The "meat" of the sandwich can then be shared.  This is often the negative feedback, constructive criticism, and/or critical information that often leaves the recipient a little taken aback by the impact of the information.  And then, finally, one closes the sandwich with a positive comment about the future, how the information may help someone grow, or general optimistic statement.


So why do I share this methodology on a Jewish education blog?  Well, besides the fact that we are most certainly a gastronomic faith, I actually believe that this sandwich method is a very Jewish and ancient method for sharing difficult news and can be observed in the events of this week's Torah portion.


It is this week, in Parashat Shelach (Numbers 13:1-15:41), where Moses sends out a group of representatives of all the Tribes to scout the land of Canaan.  What we know is that this group returns from their travels and they share terrifying information about the "giants" who live there.  These stories in turn cause panic and hysteria amongst the Children of Israel and ultimately brings about a punishment for this generation of never being able to enter the land.


Similarly, the consequences for the scouts is death... for all that is but Joshua and Caleb.  Why not these two?  Common understanding tells us that these two scouts did not share the negatives and fear-inducing stories of what they saw.  Rather, these two were optimists and wanted to only focus on the good.


My conjecture, however, is that these two were saved for the way they shared the information. Not because of what they actually said (or did not say).


In Numbers 13:27 we read that the scouts (the collective group) describe the land as "flowing with milk and honey" (laying the first piece of "bread") they then share the "meat" of what they saw which is a land with numerous enemies, "huge and fortified" cities, and even descendants of the giants (13:28).  Nobody suggests that they are embellishing their story, or worse outright lying!

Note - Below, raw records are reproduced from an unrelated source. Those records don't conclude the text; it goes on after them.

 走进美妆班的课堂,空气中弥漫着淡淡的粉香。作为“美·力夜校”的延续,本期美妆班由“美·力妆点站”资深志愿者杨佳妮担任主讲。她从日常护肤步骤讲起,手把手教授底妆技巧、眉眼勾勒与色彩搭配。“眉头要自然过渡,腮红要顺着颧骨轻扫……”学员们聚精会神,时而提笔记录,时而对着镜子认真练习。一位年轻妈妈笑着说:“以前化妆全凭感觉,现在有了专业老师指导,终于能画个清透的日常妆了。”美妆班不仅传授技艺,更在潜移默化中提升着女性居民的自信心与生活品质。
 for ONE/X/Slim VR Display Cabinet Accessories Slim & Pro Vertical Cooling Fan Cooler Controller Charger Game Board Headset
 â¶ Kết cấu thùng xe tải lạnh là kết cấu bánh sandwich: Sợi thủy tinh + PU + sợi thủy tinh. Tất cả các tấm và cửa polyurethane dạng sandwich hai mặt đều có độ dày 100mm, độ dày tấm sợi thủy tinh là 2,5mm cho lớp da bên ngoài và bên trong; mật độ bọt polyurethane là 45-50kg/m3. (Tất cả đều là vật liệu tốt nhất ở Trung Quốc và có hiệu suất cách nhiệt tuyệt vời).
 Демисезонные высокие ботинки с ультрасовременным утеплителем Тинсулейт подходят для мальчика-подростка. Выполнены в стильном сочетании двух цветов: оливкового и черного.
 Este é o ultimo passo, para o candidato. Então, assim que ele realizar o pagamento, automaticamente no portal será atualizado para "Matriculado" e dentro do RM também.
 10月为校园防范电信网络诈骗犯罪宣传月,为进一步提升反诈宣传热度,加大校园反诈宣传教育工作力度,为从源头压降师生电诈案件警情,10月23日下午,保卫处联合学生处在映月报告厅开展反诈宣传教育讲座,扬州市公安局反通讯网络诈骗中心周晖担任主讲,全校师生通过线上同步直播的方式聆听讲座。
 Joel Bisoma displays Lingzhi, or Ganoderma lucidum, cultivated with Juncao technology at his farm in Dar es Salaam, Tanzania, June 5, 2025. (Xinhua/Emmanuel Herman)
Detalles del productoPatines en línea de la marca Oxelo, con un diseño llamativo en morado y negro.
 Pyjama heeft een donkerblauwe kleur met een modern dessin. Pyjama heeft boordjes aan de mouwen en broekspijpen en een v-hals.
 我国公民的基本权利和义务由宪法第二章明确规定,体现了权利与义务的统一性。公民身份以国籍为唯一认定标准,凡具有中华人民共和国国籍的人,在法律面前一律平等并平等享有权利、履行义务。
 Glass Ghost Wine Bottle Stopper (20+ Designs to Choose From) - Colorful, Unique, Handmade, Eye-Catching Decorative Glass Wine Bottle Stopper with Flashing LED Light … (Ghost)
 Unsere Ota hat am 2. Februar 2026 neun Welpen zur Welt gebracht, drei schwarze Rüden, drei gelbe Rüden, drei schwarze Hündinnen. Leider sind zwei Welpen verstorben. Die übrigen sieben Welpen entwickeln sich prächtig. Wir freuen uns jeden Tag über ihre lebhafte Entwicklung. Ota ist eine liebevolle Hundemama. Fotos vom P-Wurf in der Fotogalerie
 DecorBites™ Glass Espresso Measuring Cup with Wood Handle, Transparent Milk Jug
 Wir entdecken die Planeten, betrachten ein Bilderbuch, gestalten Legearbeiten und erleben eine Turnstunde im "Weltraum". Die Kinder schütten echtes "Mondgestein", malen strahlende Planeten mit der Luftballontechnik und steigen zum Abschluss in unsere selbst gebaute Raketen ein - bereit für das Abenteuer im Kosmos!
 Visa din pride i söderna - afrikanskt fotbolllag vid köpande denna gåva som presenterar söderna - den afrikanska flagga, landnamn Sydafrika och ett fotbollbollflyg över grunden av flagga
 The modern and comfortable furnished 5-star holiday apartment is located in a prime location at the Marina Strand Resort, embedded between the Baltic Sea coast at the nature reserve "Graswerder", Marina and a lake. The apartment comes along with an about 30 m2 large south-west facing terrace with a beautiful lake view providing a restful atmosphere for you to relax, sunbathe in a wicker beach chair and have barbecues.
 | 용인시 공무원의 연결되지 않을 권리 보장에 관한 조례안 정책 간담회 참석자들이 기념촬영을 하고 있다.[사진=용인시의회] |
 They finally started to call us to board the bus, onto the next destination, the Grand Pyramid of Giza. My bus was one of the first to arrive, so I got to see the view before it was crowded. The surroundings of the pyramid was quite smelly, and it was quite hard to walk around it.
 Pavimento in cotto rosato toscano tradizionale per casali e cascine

No, what happens here is that for the majority of the scouts their report of what they saw ends on this note of fear and anxiety.  In fact, this scary focal point becomes the focus of what they go on to share with the other Hebrews in the encampment.  Not Caleb and Joshua however.  Their report continues and ends with the closing slice of bread.  For Caleb and Joshua there is still optimism and potential fulfillment of their destiny as we read in 13:30 where Caleb says, "We should go up at once, and possess it; for we are well able to overcome it."  So even with the fearful news of what they saw; even with this incredibly scary report, the fact is that what Caleb and Joshua know about what they could do still outweighed what they saw on their trail. They didn't want/try to leave anyone paralyzed by the news.


When it comes to sharing information, and as educators we share, recommend, advise, counsel, and talk to people all day long; it is wise for us to always keep the sandwich method in mind.  Remember, how one says something is just as important as what one says!